To exploit the TCP vulnerabilities, an attacker repeatedly transmits the SYN packets which originally serve to initiate a connection from a client to a server. When a SYN packet has arrived at the server side, the server normally responds a corresponding SYN/ACK packet to the client. However, when the client does not respond the server with the subsequent ACK packet corresponding to the SYN/ACK packet, which usually happens when the client IP address is faked by the attackers, the server waits for the response from the client during a specified time in “half open” state. As SYN packets are piled up at the server side, the server cannot accept SYN packets any more. When SYN flooding attacks occur with spoofed IP addresses, it is very hard to determine at the server side whether the packets are from legitimate clients or attackers.
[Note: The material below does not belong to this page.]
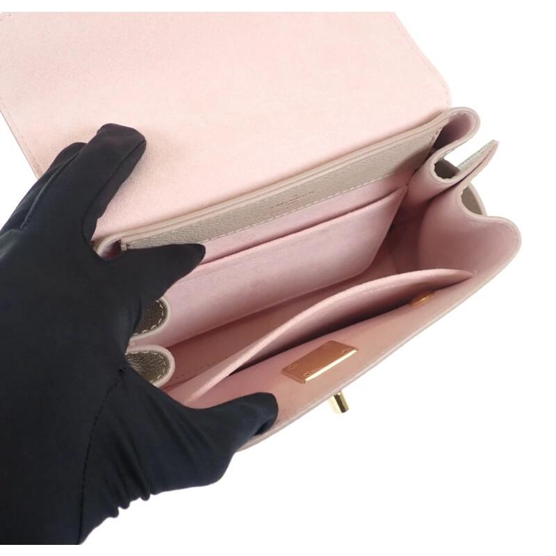 フラップに輝く「LV」イニシャルモノグラムのターンロックが、シンプルながらエレガントな印象をプラスしてくれます。

Once accurate detection is made, we can cope well with DDoS attacks at their initial phases. Therefore, as an effective countermeasure to DDoS attacks, it is very important to detect spoofed IP addresses.
Until now, a number of researches have been done to detect such attacks. Hop count filtering [5, 6] and TTL analysis [3, 6] attempt to infer hop counts of incoming packets by observing the proper TTL value on a given network. In the work such as packet marking detection [7–10] and bogon filter detection [11], a routers divides tracing data into a number of packet’s headers which are collected and used to trace back to the source. Threshold algorithms [12, 13] are based on the observation result that a normal user cannot send out at most 3-4 requests per a second. They initially set a threshold value, and regard a client as an attacker when its connection requests exceed the threshold value. In addition, additional measure such as SYN cookies [12] has been done.
In the above, however, the false detection rate is very high and not applicable in network address translation (NAT) environment which is very common in most business networks. Practically, it is not easy to apply router-based detection algorithms [8–10] to most routers in the real world. These router-based techniques require a high storage capacity of the log table on routers and involve false positive (due to digest collision on the log table) as well as false negative (caused when refreshing logged data) problems. Threshold-based approaches [12, 13] deal well with DDoS attacks with the same source using the accumulated source information, but cannot detect the ones with randomly generated IP addresses. Another problem with [13] is, when the threshold value is wrongly set, it could falsely regard a normal connection as abnormal.
The proposed scheme is designed to achieve the following properties: (1) It achieves almost zero/adjustable false positive (i.e., reducible to zero false positive by adjusting parameters) and zero false negative rates in IP spoofed packet detection; (2) It is more efficient than the existing approaches in the sense that it can detect false IP packets at an earlier point of time (i.e., as shown in Fig. 1, existing approaches wait for ACK packets from the client and then take the response measures later, while as soon as our approach detects forged SYN packets from the client, it responds accordingly), which significantly results in reducing the amount of target packets to be checked; (3) It is able to effectively cope with the real world network settings such as NAT; (4) Storage and search speed requirements for the detection server are good enough to be supported by the current server capability.

TCP three-way handshake.
Overview
As shown in Fig. 2, the proposed system consists of two agents: the client agent and the server agent. The client agent inserts an authentication data into SYN packets [1, 2] which are usually used to signal its intention to connect to the server. The authentication data as shown in Fig. 3 consists of MAC address, IP address and keyed hash value. The keyed hash value is generated by applying the XOR operation of a key and the MD5 hash function on the input data which consists of MAC address, IP address and counter at the client agent’s side. The reason why it uses a keyed hash function is to prevent the brute force attacks. In this process, two random value is used as the input and key, respectively. Therefore, the attacker cannot deduce the next right keyed hash value from previous values. The client agent inserts the authentication data in a segmented way across both IP and TCP header fields.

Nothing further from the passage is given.